SAN FRANCISCO (Dow Jones) - A major computer-chip redesign at Intel
Corp. will likely put more pressure on smaller rival Advanced Micro
Devices Inc., industry observers said Thursday.

Intel (INTC) is working on a new computer chip called Nehalem that
will integrate the microprocessor -- the central processing unit in a
PC - with the chip's memory controller.

Intel currently uses external memory in separate products known as
chipsets that fetch data from different parts of the computer. The
Nehalem chip should help Intel relieve performance bottlenecks in its
current family of chips, analysts said.

AMD chips have had the two features combined for several years now, a
technology edge that has helped the company take market share from its
larger rival.

"Nehalem appears to be a truly revolutionary platform and addresses
AMD's latest claim of differentiation," wrote Deutsche Bank analyst
Ross Seymore.

In midday trading Thursday, AMD shares fell 2.5% to $13.05. Intel lost
0.4% to $18.48.

Intel plans to ship the Nehalem chip in 2008. It said customers will
be able to choose from single-core to eight-core versions, which are
the equivalent of eight electronic brains on a single chip.

Intel also said it plans to add some graphics capability onto the
chip. AMD is currently working on a similar design associated with its
$5.4 billion acquisition of ATI Technologies last fall.

AMD is facing increased pressure from Intel, which wants to win back
market share it's lost the past three years. To carry out that plan,
Intel intends to release several new chip lines through 2010.

Since last summer, Intel has unleashed 40 new microprocessors for
desktops, laptops, and servers.

In 2003, AMD (AMD) began to combine the memory controller with the
central processor when the company launched its Opteron server chip.

The processor, which uses so-called direct connect architecture,
rejuvenated AMD's fortunes, helping it dent Intel's worldwide market
share and forcing Intel to admit it made some technological missteps.

AMD now commands 25% of the world's microprocessor market, up
significantly from what it had before it rolled out the Opteron line.

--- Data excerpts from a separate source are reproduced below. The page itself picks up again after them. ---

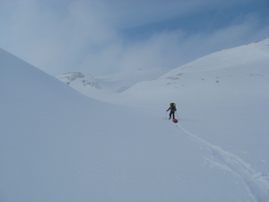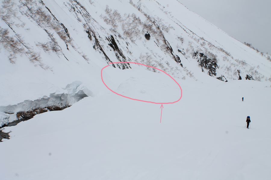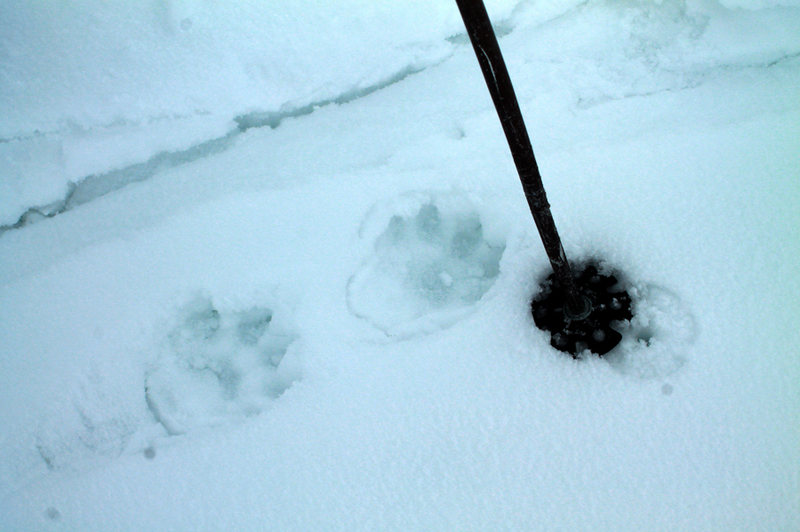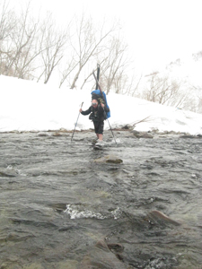 После источников снегоходный след то пропадает, то появляется местами. Доходим до прижима, поднимаемся вверх по крутому берегу(Может быть сразу следовало идти по верху). Пройдя немного по верху обрыва доходим до следующего прижима. Тут очевидно приходится бродить. Переходим на левую сторону реки( по ходу), продолжаем движение вверх по долине. Справа огромный старый (мы определили около месяца) лавинный вынос. Далее река закрыта, но попадаются открытые ручьи. На склоне видим убегающую росомаху. У последних деревьев встаем на ночевку около 6 часов вечера. Возможно было бы удобнее делать ночевку чуть раньше, в хорошем участке березового леса.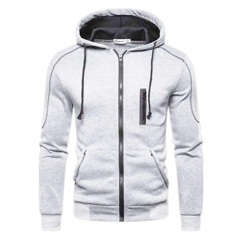 Ce gilet sweat homme à capuche bicolore style sportif a des finitions soignées, des poches dont une zippée, une grande capuche ajustable et un design ajusté. Son tissu extensible vous permettra une grande liberté de mouvements et son look sportif et tendance vous permettront de le porter aussi en dehors de vos activités sportives.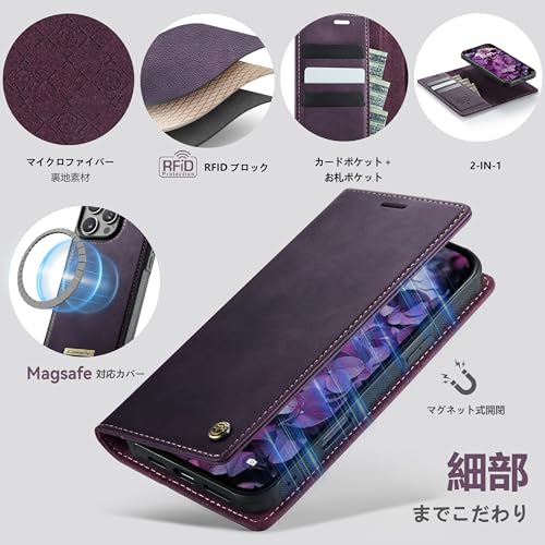 Sanlinba iPhone 15pro max ケース 手帳型 2in1 分離式 背面カード収納 レザー RFIDブロック MagSafe対応 耐衝撃 スタンド機能 横置き マグネット開閉 エッジ滑り止め 指紋防止 全面保護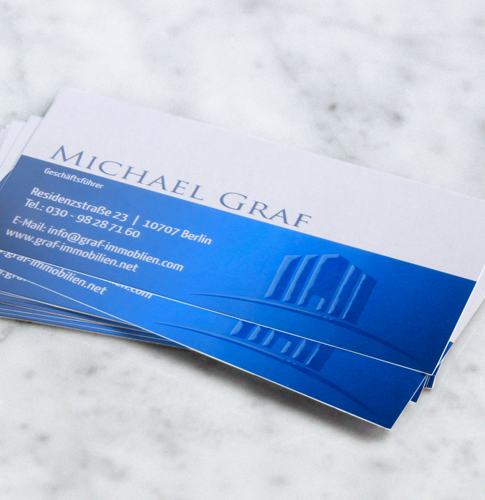 Edle Visitenkarten besitzen kreativ und stilvoll das "gewisse Etwas". Ob modern, klassisch, auffallend oder schlicht – Veredelungen überzeugen nicht nur durch ihre ansprechende Optik, sondern auch durch ihre angenehme Haptik. So kann sich Ihr Unternehmen besonders positiv präsentieren und hinterlässt einen bleibenden Eindruck.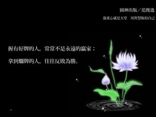 文档讨论了人们常常羡慕他人的外表和财富,但真实的成功往往源于个人的内在智慧和努力。作者通过女作家的故事强调了弱点可能转化为动力,实现逆转。最终,文档传达了一个观点:拥有好牌的人不一定是赢家,而那些面对挑战的人,往往能因其经历而更加成功。

Its encore to Opteron is called Barcelona, which is slated to hit the
market by mid-summer. Barcelona is the chipmaker's first major design
refresh in more than three years.

Intel's plans are "further validation that their current architecture
will not be competitive with Barcelona until they make this transition
that we showed the industry in 2003," AMD Vice President Randy Allen
said in a prepared statement.

Barcelona will compete with a quad-core processor Intel launched this
past November. AMD said its product won't force customers to make
"wholesale infrastructure changes in order to achieve incremental
performance gains."

Last month, AMD warned it won't meet its previous first-quarter
financial targets as it struggles with weaker prices for its
microprocessors and supply problems.

"It is becoming obvious that AMD's only weapon, outside of Barcelona,
is price," wrote Doug Freedman, analyst at American Technology
Research.

He projects Intel will recapture market share in the server space -
where AMD has hurt Intel the most - and concede less profitable parts
of the PC market to AMD.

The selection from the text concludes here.